11.    Neutral Reference. Employer will provide references for Executive consistent with its neutral reference policy, which is to confirm Executive’s dates of employment with Employer and title during the period of employment. Employer’s outside vendor “The Work Number” provides employment verifications.  A prospective employer can access The Work Number by calling ###-###-#### or via the Web at: http://www.theworknumber.com.  Employer Code is: 11194.
12.    Future Employment. Executive shall be restricted from counseling, advising, or becoming employed by, or providing any and all services to a competitor of Employer during the Salary Continuation Period. Executive acknowledges that compliance with this Paragraph 12 is necessary to protect the business and good will of Employer and that a breach of any of these provisions will irreparably and continually damage Employer, for which money damages may not be adequate. Accordingly, in the event that Executive breaches this Paragraph 12, Executive shall forfeit any remaining unpaid Salary Continuation Payments along with any other relief to which Employer may be entitled and Executive shall be required to reimburse Employer the full amount of any and all benefits paid under this Agreement. In addition, Employer shall be entitled to preliminarily or permanently enjoin Executive from violating this Paragraph 12 in order to prevent the continuation of such harm. For the purposes of this provision, “Competitors” includes the following companies together with their respective subsidiaries, parent entities and all other affiliates: Adidas AG, Burberry Group PLC; Capri Holdings Limited; Cole Hahn LLC; Fast Retailing Co., Ltd.; Compagnie Financiere Richemont SA; Fung Group; G-III Apparel Group, Ltd.; The Gap, Inc.; Kering; L Brands, Inc.; LVMH Moet Hennessy Louis Vuitton SA; Nike, Inc., Prada, S.p.A.; PVH Corp.; Ralph Lauren Corporation; Samsonite International S.A., Tory Burch LLC; VF Corporation; and Under Armour, Inc. Any requests for exceptions to these restrictions and Employer’s ability to seek injunctive relief shall be made in writing to Employer’s Global Human Resources Officer. Following receipt of such request, Employer hereby reserves the right, in its sole discretion, to grant such exception and forego the right to seek injunctive relief.  Such decision by Employer shall not, in any way, effect any other right Employer has pursuant to this Agreement, Executive’s offer letter with employer, or the award agreements evidencing Executive’s equity awards, and all such rights are hereby explicitly reserved.

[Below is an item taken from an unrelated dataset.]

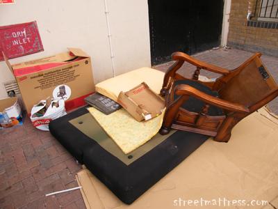 | A black and tan folding matt, probably from a sofa-bed. Box at rear once contained an "executive multifunction massage chair". Must get one. |

13.    Information/Privacy Obligations. In addition to the obligations set forth above, Executive shall not retain, copy, transfer or otherwise obtain, use, hold or possess any information whatsoever that resides on Employer’s premises, databases, electronic servers and/or storage devices/facilities, including any and all information that Executive had access to as a result of being employed by Employer, whether in electronic or hard copy format.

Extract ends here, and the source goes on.